> **ACTIVITY**
In the records below, find the line with "相較於桶(瓶)裝水和進口淨水", then retype it and every following line exactly, stopping after the line with "En ce soir de". Leave the pictures out.

> **MATERIAL SHOWN**
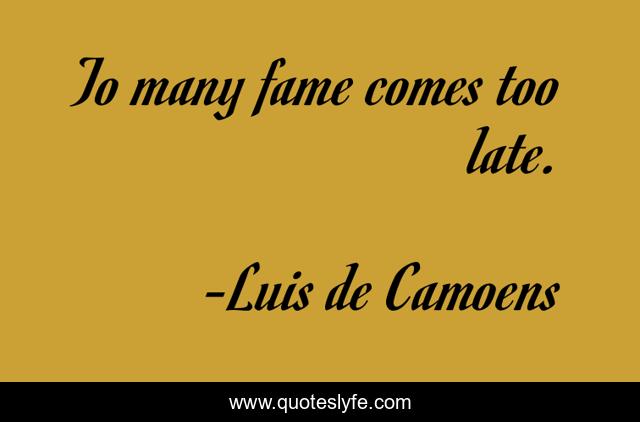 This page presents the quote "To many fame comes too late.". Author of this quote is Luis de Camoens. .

==

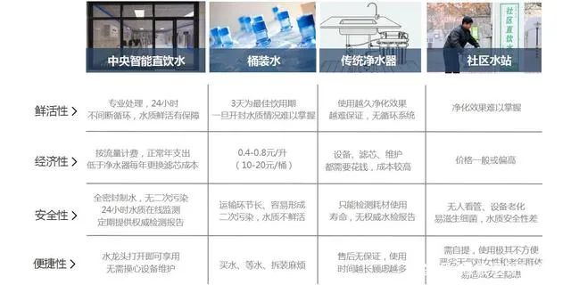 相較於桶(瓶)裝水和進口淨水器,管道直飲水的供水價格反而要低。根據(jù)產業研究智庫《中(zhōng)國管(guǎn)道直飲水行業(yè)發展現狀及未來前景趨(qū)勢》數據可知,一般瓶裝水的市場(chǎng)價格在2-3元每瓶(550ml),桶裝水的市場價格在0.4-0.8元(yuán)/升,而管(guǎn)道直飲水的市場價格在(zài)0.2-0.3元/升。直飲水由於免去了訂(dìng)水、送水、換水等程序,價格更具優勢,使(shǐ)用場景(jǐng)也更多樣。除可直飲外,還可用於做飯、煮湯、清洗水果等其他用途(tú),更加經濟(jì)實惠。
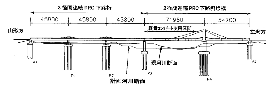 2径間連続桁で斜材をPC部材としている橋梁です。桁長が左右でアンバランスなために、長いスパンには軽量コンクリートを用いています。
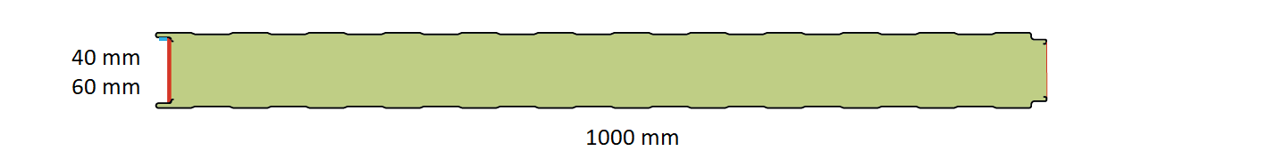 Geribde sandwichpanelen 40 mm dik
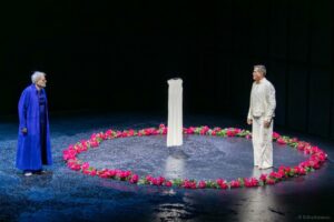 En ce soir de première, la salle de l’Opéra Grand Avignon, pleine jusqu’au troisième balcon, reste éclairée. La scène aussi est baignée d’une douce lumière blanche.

---

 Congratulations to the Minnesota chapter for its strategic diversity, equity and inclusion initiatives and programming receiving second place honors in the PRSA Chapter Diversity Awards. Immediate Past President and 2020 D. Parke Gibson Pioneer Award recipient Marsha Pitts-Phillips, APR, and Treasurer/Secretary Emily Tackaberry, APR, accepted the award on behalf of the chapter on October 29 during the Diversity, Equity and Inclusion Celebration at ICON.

> **RESPONSE BELOW**
 相較於桶(瓶)裝水和進口淨水器,管道直飲水的供水價格反而要低。根據(jù)產業研究智庫《中(zhōng)國管(guǎn)道直飲水行業(yè)發展現狀及未來前景趨(qū)勢》數據可知,一般瓶裝水的市場(chǎng)價格在2-3元每瓶(550ml),桶裝水的市場價格在0.4-0.8元(yuán)/升,而管(guǎn)道直飲水的市場價格在(zài)0.2-0.3元/升。直飲水由於免去了訂(dìng)水、送水、換水等程序,價格更具優勢,使(shǐ)用場景(jǐng)也更多樣。除可直飲外,還可用於做飯、煮湯、清洗水果等其他用途(tú),更加經濟(jì)實惠。
 2径間連続桁で斜材をPC部材としている橋梁です。桁長が左右でアンバランスなために、長いスパンには軽量コンクリートを用いています。
 Geribde sandwichpanelen 40 mm dik
 En ce soir de première, la salle de l’Opéra Grand Avignon, pleine jusqu’au troisième balcon, reste éclairée. La scène aussi est baignée d’une douce lumière blanche.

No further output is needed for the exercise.